Write out again the lines from the line with "自习室内,同学们低头默背四六" up to and including the line with "Anthem 09」を手掛けているMISCHA DANIELSがゲスト登場。", exactly as they stand below, and skip any picture.

> [EXTRACTED DATA]
____________
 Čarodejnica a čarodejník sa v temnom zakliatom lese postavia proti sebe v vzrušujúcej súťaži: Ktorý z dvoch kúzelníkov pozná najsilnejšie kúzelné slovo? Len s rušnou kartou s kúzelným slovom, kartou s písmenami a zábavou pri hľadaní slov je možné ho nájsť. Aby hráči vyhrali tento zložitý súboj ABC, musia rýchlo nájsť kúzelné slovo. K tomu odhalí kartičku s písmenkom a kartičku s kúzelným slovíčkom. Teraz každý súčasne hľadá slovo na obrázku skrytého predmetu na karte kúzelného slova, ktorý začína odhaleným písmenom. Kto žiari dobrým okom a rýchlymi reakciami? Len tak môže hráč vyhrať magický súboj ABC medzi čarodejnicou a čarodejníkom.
____________
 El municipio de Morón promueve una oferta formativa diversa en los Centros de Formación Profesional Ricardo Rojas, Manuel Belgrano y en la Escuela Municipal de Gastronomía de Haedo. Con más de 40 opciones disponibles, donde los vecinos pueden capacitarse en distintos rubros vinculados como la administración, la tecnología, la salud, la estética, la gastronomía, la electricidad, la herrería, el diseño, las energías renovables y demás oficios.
____________
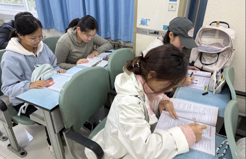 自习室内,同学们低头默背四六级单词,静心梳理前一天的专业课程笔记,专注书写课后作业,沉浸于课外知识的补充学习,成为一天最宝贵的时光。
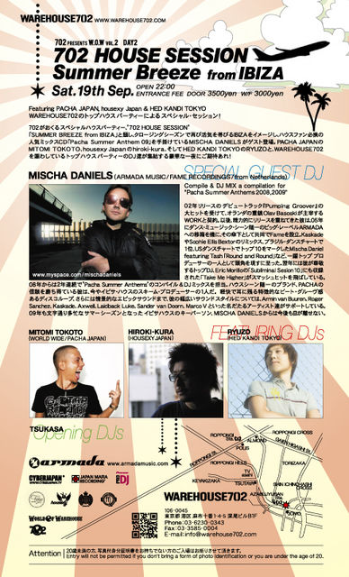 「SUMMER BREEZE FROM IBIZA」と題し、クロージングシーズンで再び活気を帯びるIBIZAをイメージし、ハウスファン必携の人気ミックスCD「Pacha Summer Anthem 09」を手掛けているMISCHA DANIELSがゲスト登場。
____________
> [ANSWER TO THIS PROBLEM]
 自习室内,同学们低头默背四六级单词,静心梳理前一天的专业课程笔记,专注书写课后作业,沉浸于课外知识的补充学习,成为一天最宝贵的时光。
 「SUMMER BREEZE FROM IBIZA」と題し、クロージングシーズンで再び活気を帯びるIBIZAをイメージし、ハウスファン必携の人気ミックスCD「Pacha Summer Anthem 09」を手掛けているMISCHA DANIELSがゲスト登場。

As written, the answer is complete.